A self-indulgent look at where we are with on-chain governance, and maybe where we are going.

TL;DR

This article explores a number of questions that we as an interchain have to answer.

It’s worth saying that these are just our opinions, and are obviously based on a particular interpretation of broad economic and historical trends.

This blog is split into 4 parts:

  1. Is code law? The implications of Juno Prop 16, a discussion of how Prop 16 has highlighted some of the implicit governance parallels that may exist on Cosmos chains
  2. Multilateralism and decentralization, a very un-academic musing on whether decentralized systems are part of a wider discourse of multilateral political struggle
  3. Vector capitalism and ownership on the interchain, some thoughts on how networks where payments are built-in offer chances for agency and ownership, but also risk accelerating vector capitalism
  4. Conclusion

I: Is code law? The implications of Juno Prop 16

Most systems of government have a number of moving parts. But let’s design a toy one.

It might have:

Okay, so far, so good.

So, in Cosmos governance, what do we have? Well, let’s try to line it up.

Okay, so where do validators and developers fit into this model?
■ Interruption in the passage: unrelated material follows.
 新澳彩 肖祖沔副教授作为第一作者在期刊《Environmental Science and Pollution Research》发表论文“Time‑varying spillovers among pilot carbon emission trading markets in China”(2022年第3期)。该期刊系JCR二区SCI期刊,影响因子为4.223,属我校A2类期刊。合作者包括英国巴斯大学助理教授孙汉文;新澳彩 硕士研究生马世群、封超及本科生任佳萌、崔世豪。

Because changes to code require their input.

As an aside, this is also part of the increasing mood in the Cosmos that governance proposals that require a software change should only be submitted with the code. This means that the intention is clear, the desired change to the ‘Law’ enumerated in full, and the work already done by engineers who are happy to implement it, which is important, because of the question of liability.
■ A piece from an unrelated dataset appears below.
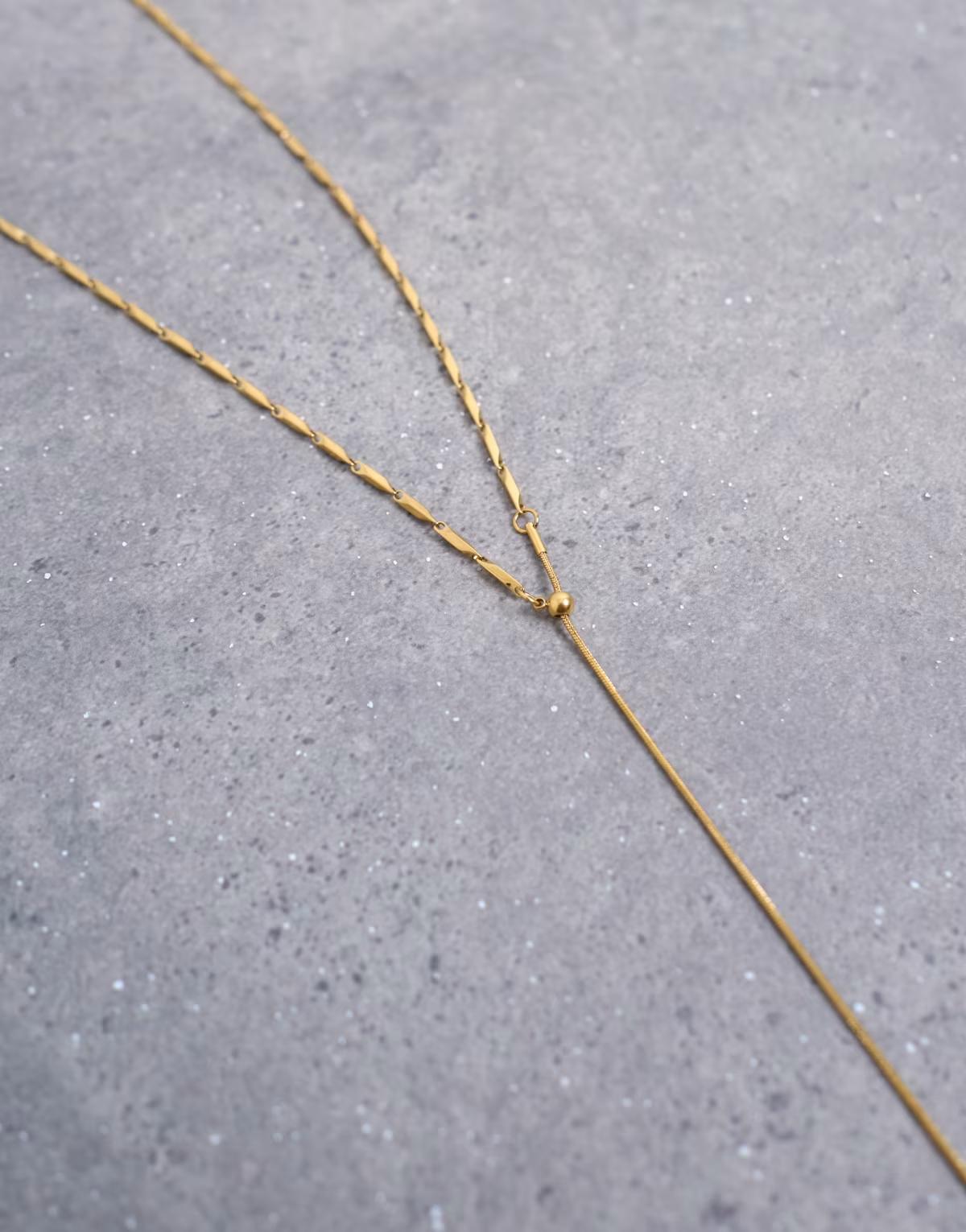 The Morgan necklace is crafted from a corrosion-resistant metal in gold-tone. It features a twisted chain design.

On liability, then. Engineers and validators are much more visible, and are thus taking on much higher risk to themselves in implmenting a proposal that is controversial or may draw regulatory ire. This is doubly complicated if they don’t agree with the decision. What are they to do in that situation?

Purists would presumably argue that DAO governance supersedes their personal opinion, except that’s… obviously un-enforceable in practice.[0]

Making sure that code is presented alongside any governance proposal is a good counter to this. It’s also why many engineers associated with Juno voted no on Prop 18. The question was, who is going to implement this?

If it is unclear who will write the code, test the code, and get it merged, then the proposal is un-enforceable as written.

This, of course, was also a problem for Prop 16, where in practice, as written, it was incredibly difficult to see how it could get implemented, tested and approved, let alone actually run by the validator set.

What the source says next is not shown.